Questo non è un problema, il gcc sulle distro binarie è sempre compilato per la minima architettura supportata.

prendi i binari CentOS (ma vale per qualsiasi distro RH like): CHOST=i386-redhat-linux, march=i386, mcpu=i686 e funzionano su qualsiasi x86.

Il problema sta nel cambiare CHOST "live" sulla stessa macchina.

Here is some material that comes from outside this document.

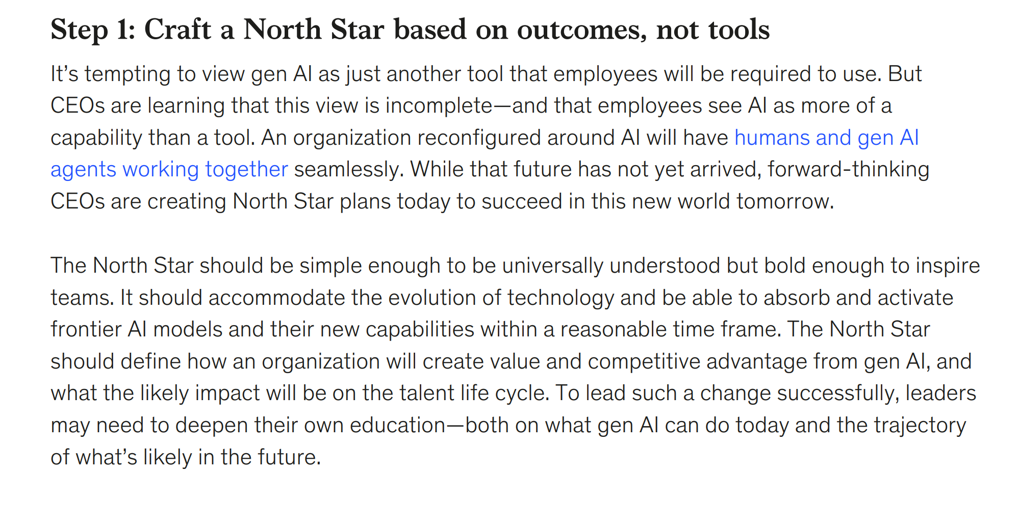 很多人容易把 Gen AI 视为又一个必须用的工具,但报告提醒,这是一种能力,而非单纯工具。展望未来,组织将由人类和 Gen AI 代理共同协作。CEO应现在就制定“北极星”计划:简单易懂、鼓舞人心,能适应技术演进,定义如何用 Gen AI 创造价值和竞争优势,并影响人才生命周期。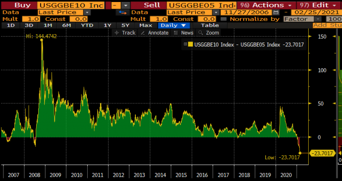 Трейдеры на рынке долга явно делают ставку на то, что в краткосрочной перспективе инфляция в США вырастет, а в долгосрочной перспективе — снизится. Пятилетняя инфляция впервые с 2008 года превысила 10-летнюю.

Entrambe le architetture funzionano correttamente, ma lo switch non si riduce alla mera modifica del make.conf

----------

## .:chrome:.

 *makoomba wrote:*   

> Questo non è un problema, il gcc sulle distro binarie è sempre compilato per la minima architettura supportata.
> 
> prendi i binari CentOS (ma vale per qualsiasi distro RH like): CHOST=i386-redhat-linux, march=i386, mcpu=i686 e funzionano su qualsiasi x86.

 

esempio secondo me sbagliato. c'è una certa divergenza strutturale tra Gentoo (di cui qui si parla) e RedHat

 *makoomba wrote:*   

> Il problema sta nel cambiare CHOST "live" sulla stessa macchina.
> 
> Entrambe le architetture funzionano correttamente, ma lo switch non si riduce alla mera modifica del make.conf

 

ma io non ho mai sostenuto questo. se guardi qualche post indietro puoi leggere quello che io avevo suggerito

----------

## makoomba

 *k.gothmog wrote:*   

> esempio secondo me sbagliato. c'è una certa divergenza strutturale tra Gentoo (di cui qui si parla) e RedHat

 

allora non ho capito cosa intendevi con "distro pacchettizzate"

----------

## .:chrome:.

 *makoomba wrote:*   

>  *k.gothmog wrote:*   esempio secondo me sbagliato. c'è una certa divergenza strutturale tra Gentoo (di cui qui si parla) e RedHat 
> 
> allora non ho capito cosa intendevi con "distro pacchettizzate"

 

invece hai capito... però io avevo fatto quel riferimento alludendo ad un aspetto diverso da quello che tu hai citato: CHOST è un discorso valido solo su Gentoo e derivate. tutto questo discorso non esiste sulle altre

----------

## Benve

Salve gente, premesso che secondo me si fa prima a reinstallare.

Ho una domanda:

Se uso un pacchetto compilato con i386 su un sistema con tutto compilato per i686 dovrebbe tutto funzionare no ?

----------

## Ic3M4n

si. dovrebbe funzionare. 

non funziona il contrario. su un 386 avere un modulo 686. sempre che lo trovi un 386 in giro... beh diciamo anche un 586 dai.

----------

## Peach

 *Benve wrote:*   

> Salve gente, premesso che secondo me si fa prima a reinstallare.
> 
> Ho una domanda:
> 
> Se uso un pacchetto compilato con i386 su un sistema con tutto compilato per i686 dovrebbe tutto funzionare no ?

 

il che significa che se la mia macchina è correntemente compilata i386, e ricompilo gcc (giusto per dire il primo pacchetto) con CHOST settata a i686, gcc dovrebbe continuare a funzionare permettendomi di ricompilare il resto del sistema, o rischio che molte altre cose si spacchino? i*86-pc-linux-gnu è una cosa sola ed esclusiva di gcc?

----------

## Benve

Come soluzione pratica io farei così:

1. spulcio il world e faccio pacchetti binari di tutto con quickpkg

2. bel backup sia del sistema intero sia dei binari appena creati

3. reinstallo da stage3 con i686, poi uso i binari creati per riavere in poco tempo il mio sistema. 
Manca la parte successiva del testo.